§ How to complete this task
Please set down the line that contains "Орфей, Еврідіка, Гермес. Антична скульптура" and every line below it through the last, exactly as written, with no other lines.

§ Data extract
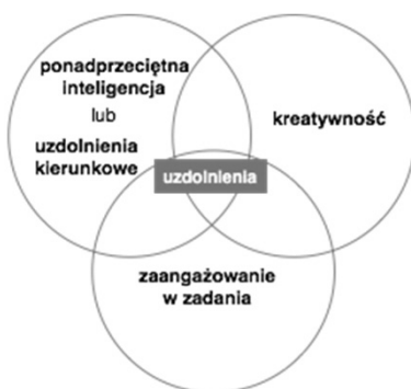
Rysunek 1. Pierścieniowy model Renzulliego
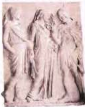
Орфей, Еврідіка, Гермес. Антична скульптура

Існує версія, що поштовхом до написання вірша став барельєф з Неаполітанського національного музею, назва якого надзвичайно подібна на підпис під барельєфом.

§ Answer box
Орфей, Еврідіка, Гермес. Антична скульптура

Існує версія, що поштовхом до написання вірша став барельєф з Неаполітанського національного музею, назва якого надзвичайно подібна на підпис під барельєфом.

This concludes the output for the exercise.